=== Begin Enclosure ===

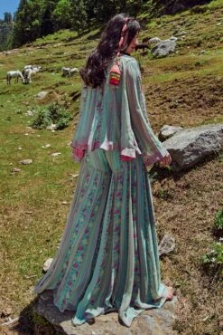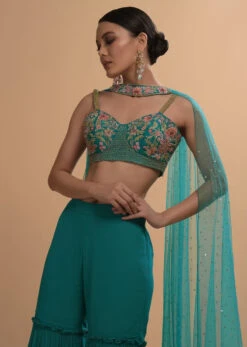 Teal Sharara And Crop Top Set With Colorful Resham, Cut Dana And Moti Embroidered Spring Blooms
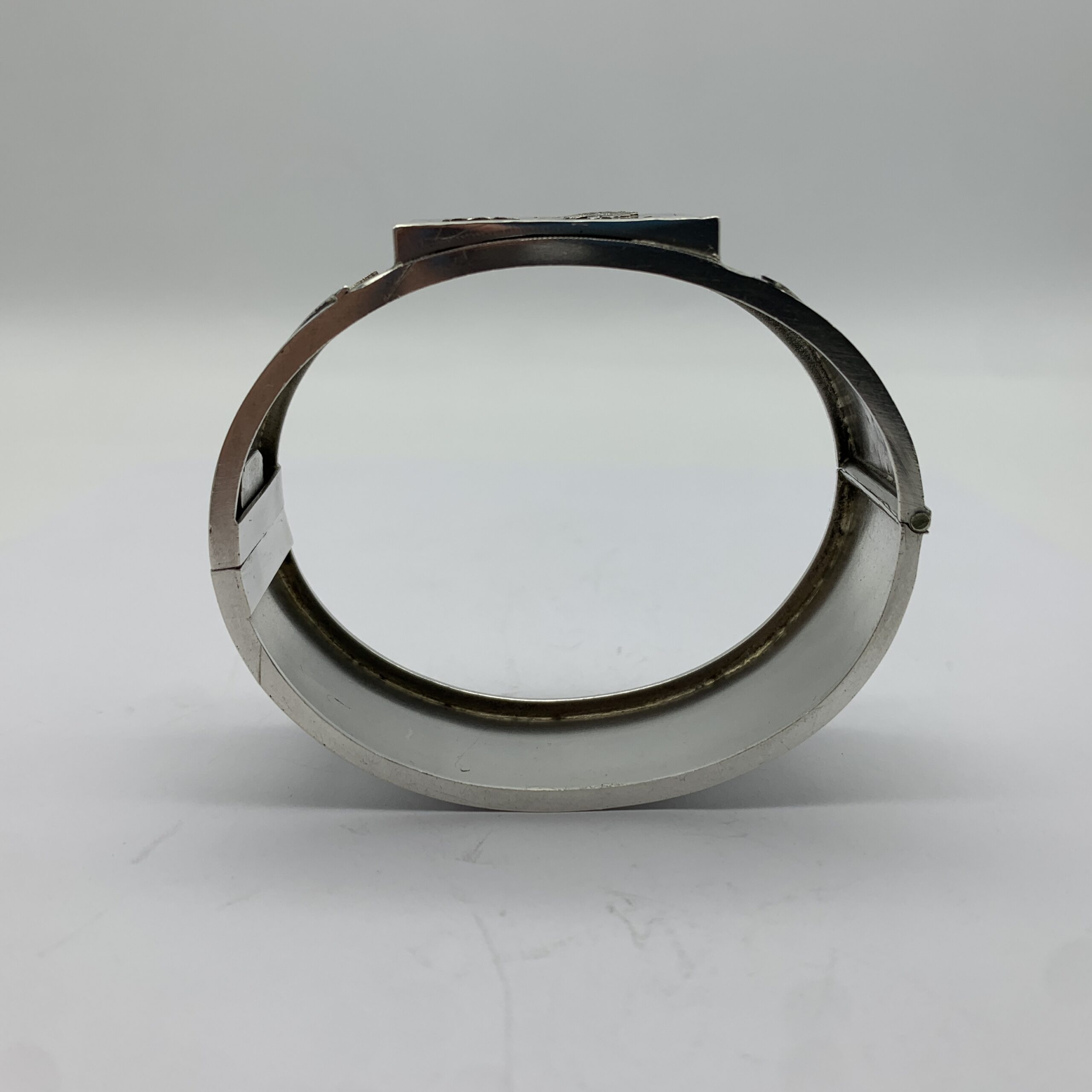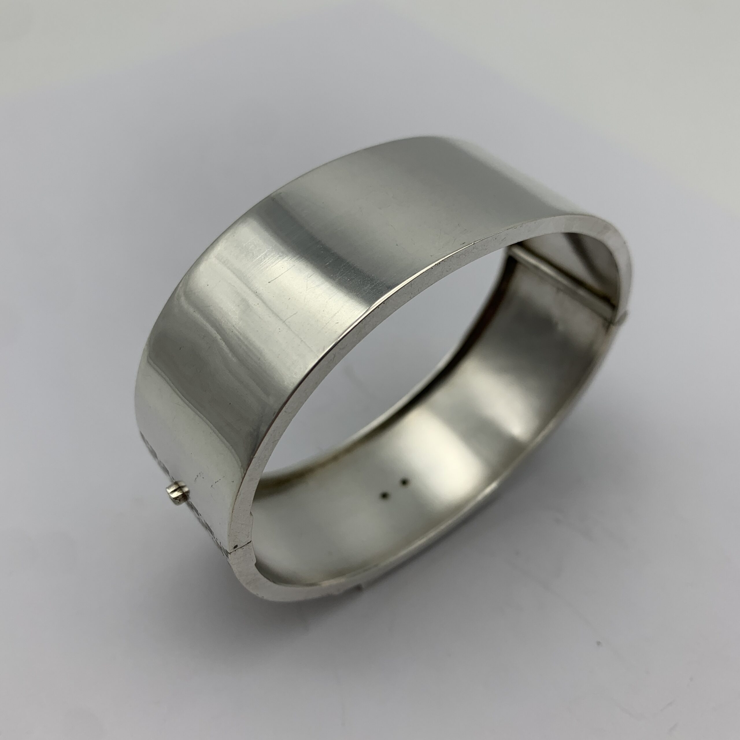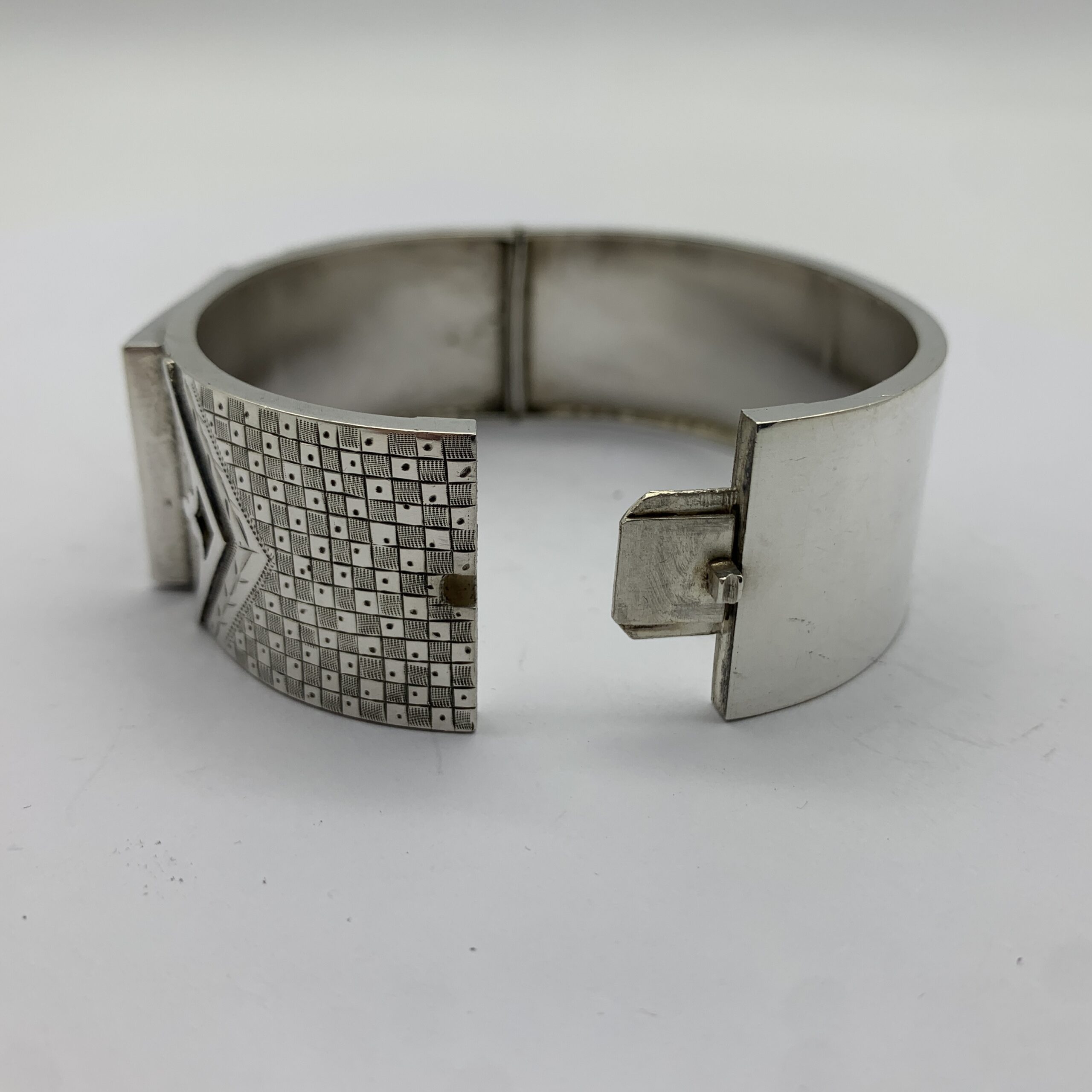 This wonderful, Victorian, sterling silver wide cuff bangle is beautifully decorated along the front half, featuring a raised rectangular shaped panel in the middle, engraved with stems, leaves, and two raised flowers, and on each side, there’s a ‘checkerboard’ style engraved pattern, along with a thin raised border and a few more engraved flowers. This fine quality bangle is in superb condition with a strong hinge and secure push-in clasp, and although there are no assay marks, it has been tested and confirmed sterling silver. The bangle measures 7,5cm x 6,2cm with a width of 2,5cm and weighs 33g.
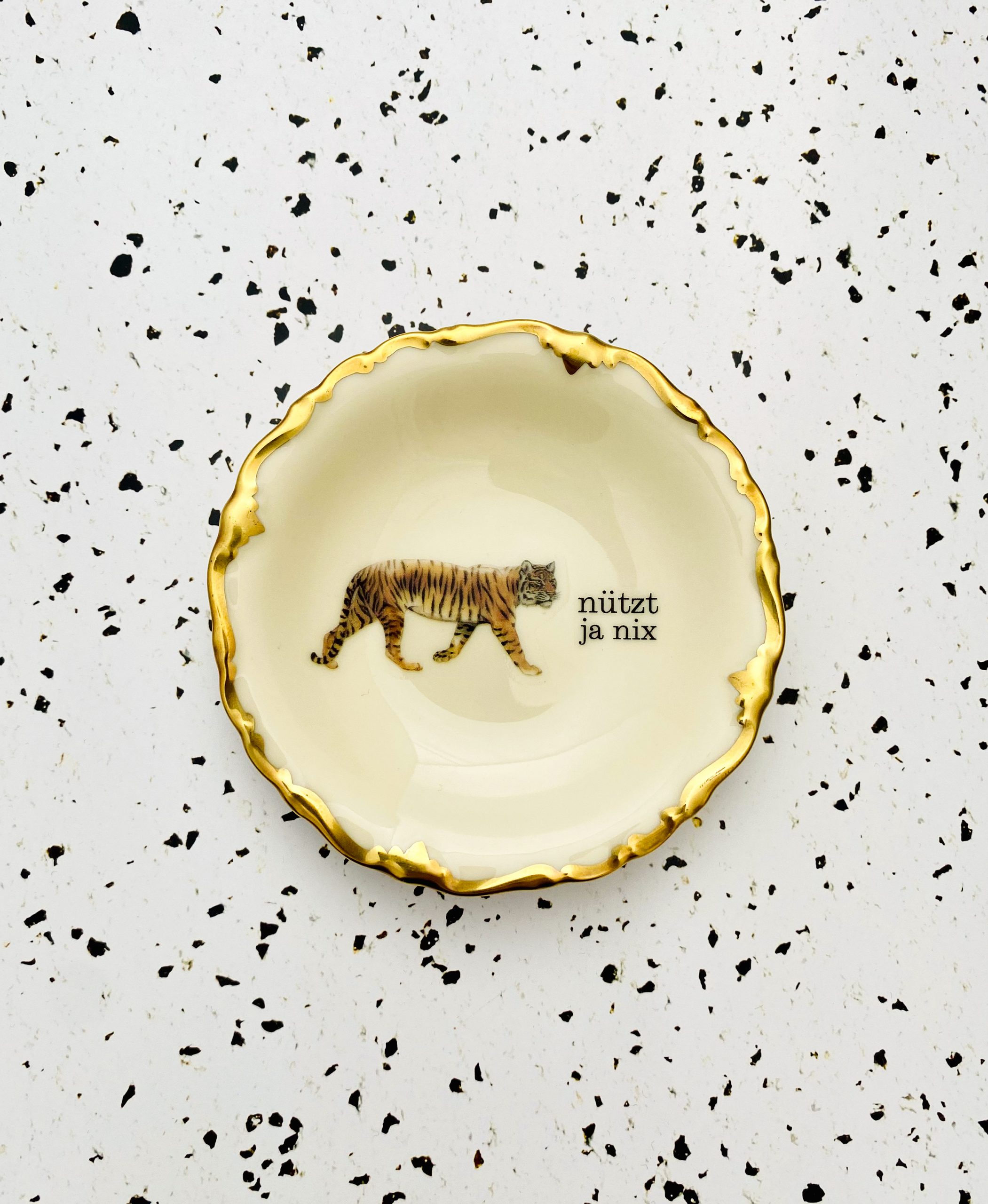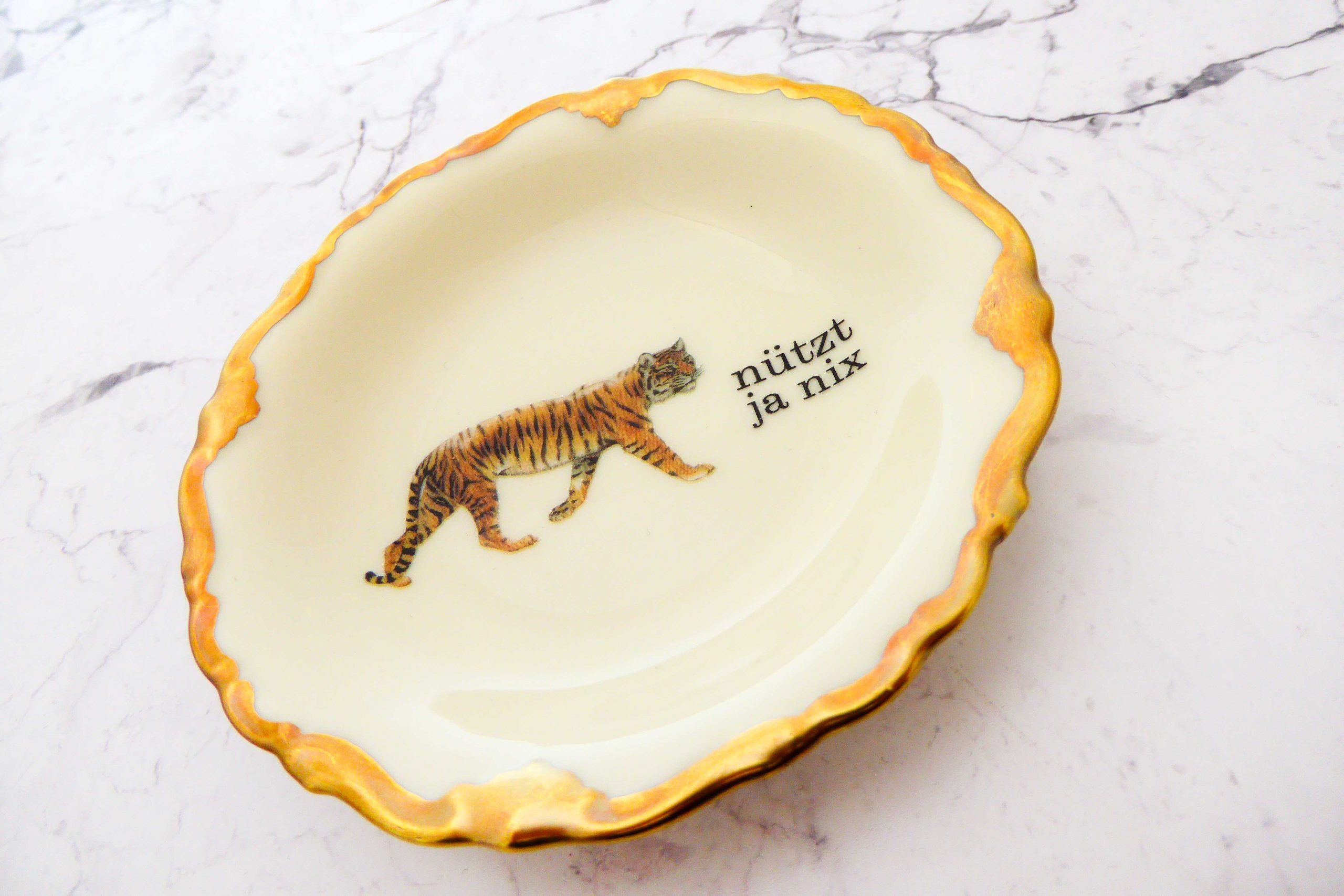 Jeder Wandteller wird handgefertigt und jeder der vintage Teller ist immer wieder ein Einzelstück. Dieser mini Wandteller hat einen besonderes schönem Goldrand mit Bögen, ein super Tiger Decor und mit unser Typo nützt ja nix kann er für alle Dekozwecke genutz werden.
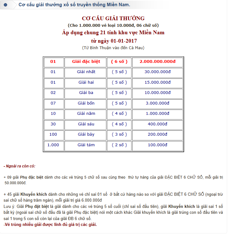 ✅ Với loại vé 6 số giá 10.000 đồng, cơ cấu giải thưởng xổ số Bình Phước gồm các giải sau

=== End Enclosure ===

▸ WORK ITEM
Starting with the opening line of the listing, write out each line exactly until the line that contains "This wonderful, Victorian, sterling" has been included; skip the pictures.

▸ YOUR RESPONSE
 Teal Sharara And Crop Top Set With Colorful Resham, Cut Dana And Moti Embroidered Spring Blooms
 This wonderful, Victorian, sterling silver wide cuff bangle is beautifully decorated along the front half, featuring a raised rectangular shaped panel in the middle, engraved with stems, leaves, and two raised flowers, and on each side, there’s a ‘checkerboard’ style engraved pattern, along with a thin raised border and a few more engraved flowers. This fine quality bangle is in superb condition with a strong hinge and secure push-in clasp, and although there are no assay marks, it has been tested and confirmed sterling silver. The bangle measures 7,5cm x 6,2cm with a width of 2,5cm and weighs 33g.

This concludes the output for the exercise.